- _TASK PROMPT_: Among the lines below, keep only those from the one containing "Der gut begehbare" through the one containing "طالبا التهذيب المهنا", and reproduce them exactly.
--- DATA TO USE ---
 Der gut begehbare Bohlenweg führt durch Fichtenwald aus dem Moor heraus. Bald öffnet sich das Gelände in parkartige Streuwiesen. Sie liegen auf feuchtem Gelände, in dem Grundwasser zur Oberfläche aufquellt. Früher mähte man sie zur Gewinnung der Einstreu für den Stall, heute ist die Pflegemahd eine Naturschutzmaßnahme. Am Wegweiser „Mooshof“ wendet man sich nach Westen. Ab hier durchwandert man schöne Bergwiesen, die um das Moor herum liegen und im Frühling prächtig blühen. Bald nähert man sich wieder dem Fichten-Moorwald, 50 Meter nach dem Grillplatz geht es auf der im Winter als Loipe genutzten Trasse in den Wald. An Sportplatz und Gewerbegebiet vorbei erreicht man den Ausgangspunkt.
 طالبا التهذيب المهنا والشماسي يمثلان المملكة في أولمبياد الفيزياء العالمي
---
--- DATA TO USE ---
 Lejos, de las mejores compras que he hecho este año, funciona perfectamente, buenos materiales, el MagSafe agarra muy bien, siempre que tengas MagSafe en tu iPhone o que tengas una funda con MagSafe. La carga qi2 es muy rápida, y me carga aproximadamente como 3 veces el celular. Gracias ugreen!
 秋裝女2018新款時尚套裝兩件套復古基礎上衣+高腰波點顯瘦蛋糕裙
---
--- DATA TO USE ---
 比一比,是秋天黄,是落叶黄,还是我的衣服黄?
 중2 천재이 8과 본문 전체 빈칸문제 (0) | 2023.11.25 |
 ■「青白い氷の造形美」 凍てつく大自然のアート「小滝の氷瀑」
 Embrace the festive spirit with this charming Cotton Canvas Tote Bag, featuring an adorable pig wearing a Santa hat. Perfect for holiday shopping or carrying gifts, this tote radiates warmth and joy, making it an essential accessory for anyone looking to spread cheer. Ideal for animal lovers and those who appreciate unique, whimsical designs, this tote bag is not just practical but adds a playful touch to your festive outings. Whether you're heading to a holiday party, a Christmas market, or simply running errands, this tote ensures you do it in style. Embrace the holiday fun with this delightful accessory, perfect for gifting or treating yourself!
---
- _TASK ANSWER_:
 Der gut begehbare Bohlenweg führt durch Fichtenwald aus dem Moor heraus. Bald öffnet sich das Gelände in parkartige Streuwiesen. Sie liegen auf feuchtem Gelände, in dem Grundwasser zur Oberfläche aufquellt. Früher mähte man sie zur Gewinnung der Einstreu für den Stall, heute ist die Pflegemahd eine Naturschutzmaßnahme. Am Wegweiser „Mooshof“ wendet man sich nach Westen. Ab hier durchwandert man schöne Bergwiesen, die um das Moor herum liegen und im Frühling prächtig blühen. Bald nähert man sich wieder dem Fichten-Moorwald, 50 Meter nach dem Grillplatz geht es auf der im Winter als Loipe genutzten Trasse in den Wald. An Sportplatz und Gewerbegebiet vorbei erreicht man den Ausgangspunkt.
 طالبا التهذيب المهنا والشماسي يمثلان المملكة في أولمبياد الفيزياء العالمي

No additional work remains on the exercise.